Some in the conservative Muslim neighbourhood threatened her harm for betraying Islam’s teachings.

The homeless mother says she’s ashamed of the work and is often beaten by men.

“I would like to stop but I have no options,” Nimo tells AAP.

“If I don’t there will be no food for my family.”

Nimo has fallen through the aid safety net.

Some two-thirds of the 13,800 asylum seekers and refugees in Indonesia are dependent on aid or live in government-run immigration detention centres, according to the UN Refugee Agency.

They’re not allowed to work or access social security.

Many sleep in the streets near Jakarta’s already-full immigration detention centre or queue – day after day – at the UNHCR office seeking help.

Others drift from one boarding house to the next begging for food. Some sleep on the steps of a local mosque.

“I could never have imagined this life before,” Nimo says. “There is no hope. I have children and I am a prostitute. This is a really bad life. It’s much harder than Somalia.”

Nimo fled Somalia with her children after Islamists stoned her younger sister to death and then turned their guns on the rest of her family. She was shot during one attack.

Her 10-day journey through Dubai and Kuala Lumpur, and across the Malacca Strait, ended after a two-day bus ride to the Indonesian capital in 2015.

Her appeals for help from NGOs and the UNHCR have been refused.

During a recent interview – to discuss her sex work – no assistance was offered. Instead, she was lectured about breaking local laws, and the health risks of prostitution.

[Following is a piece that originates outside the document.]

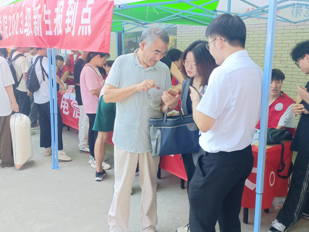 电气信息工程学院院长乔晓华、电气信息工程学院党总支书记杨安胜、双创学院院长朱昌平教授、党总支副书记马羽佳及机关三办主任、各专业辅导员老师等亲临报到现场检查指导工作,亲切地与新生及家长交谈,为部分新生及家长答疑解惑,认真询问新生报到情况、报到流程、报到人数、详细了解迎新工作进展和服务保障情况,并慰问迎新一线工作人员。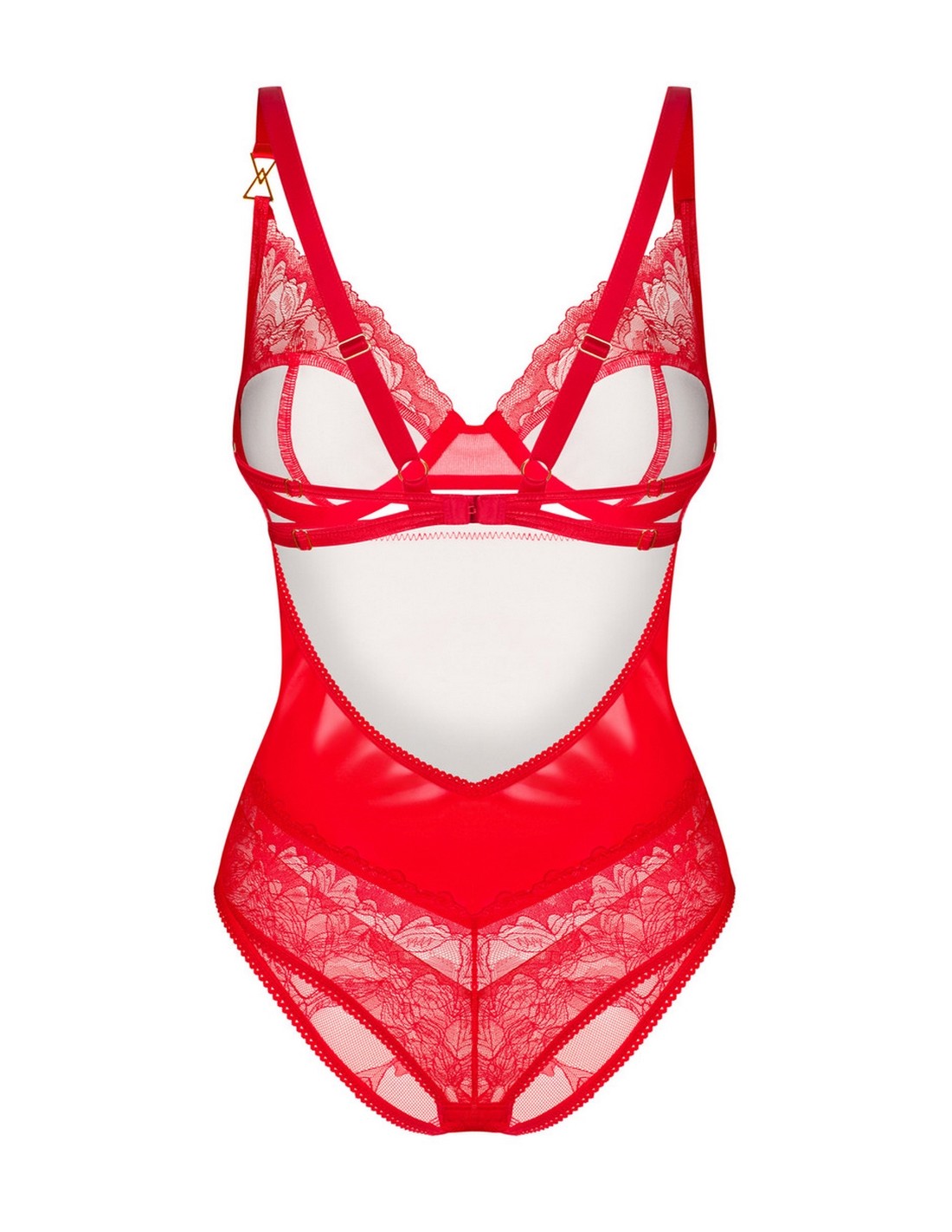 Body Aliosa w czerwonym kolorze stworzone z gładkiego, elastycznego materiału. Całość wykończona ozdobną koronką. Gustowne dodatki oraz wycięcie pod piersiami dodają całości luksusowego charakteru. Perfekcyjne dobranie gwarantują fiszbiny, regulowane ramiączka oraz paski w obwodzie biustu.

UNHCR Indonesia representative Thomas Vargas says recent humanitarian emergencies – such the Rohingya crisis in Bangladesh – mean money earmarked for Indonesia is being redirected.

“When there are those types of flashpoints, that’s where the limited funding the UNHCR has globally goes,” he tells AAP.

For refugees in Indonesia, aid is now even harder to come by.

“You have limited funding and you have to help the neediest. That’s the harsh reality. It’s a very tough situation,” Vargas says.

At night refugee women living on the street risk sexual violence.

Refugee Suad, 27, lives in a tight network of laneways near Jakarta’s central shopping district.

The Somalian says men regularly try to force refugee women to go with them for sex.

“When we sleep on the street, West African businessman come to this area. They threaten us and touch us and we are powerless to stop them,” she tells AAP.

“If you don’t say yes they say they can beat you. But I say no, I’m a Muslim, I can’t do it. I am hungry and I want money, but I can’t do that.”

Fear of being labelled a prostitute or shunned causes many women to hide their abuse.

Suad’s family was killed by a bomb in Mogadishu. She says she was abducted, raped and held captive by militants.

After she escaped a local mosque raised the money needed to pay people smugglers.

Suad says in Somalia rape victims are often accused of being prostitutes and are sent away so as not to shame their family or community.

But now, out of desperation, she’s now considering going with men.

“When you don’t have food, when you don’t have shelter, life becomes very hard and that is the only option,” she says.

Mr Vargas says “survival sex” is common among refugees who don’t receive aid or have family to protect them.

“When you are not able to make a living you resort, unfortunately, to these types of survival techniques and that’s a risk refugees have here,” he admits.

Asylum seekers and refugees across the archipelago are protesting their treatment.

But the fact is the UNHCR deals with 65.6 million refugees and forcibly displaced people globally.

The crisis is unlike any seen since World War II, according to Mr Vargas. It’s stretched aid budgets and led to tougher immigration policies in key resettlement nations.

US President Donald Trump’s executive order on immigration and Australia’s policy of refusing refugees from Indonesia if they arrived after mid-2014 are clear examples, he says.

It’s created “unpredictability in the (resettlement) system” and left refugees stranded.

Immigration policies based on deterrence and criminalisation – rather than protection and human rights – came under the spotlight at the UN Human Rights Council in Geneva in March.

UN special rapporteur Nils Melzer says government policies – rather than criminal activity, corruption and dangerous travel – are the major cause of abuses inflicted on refugees.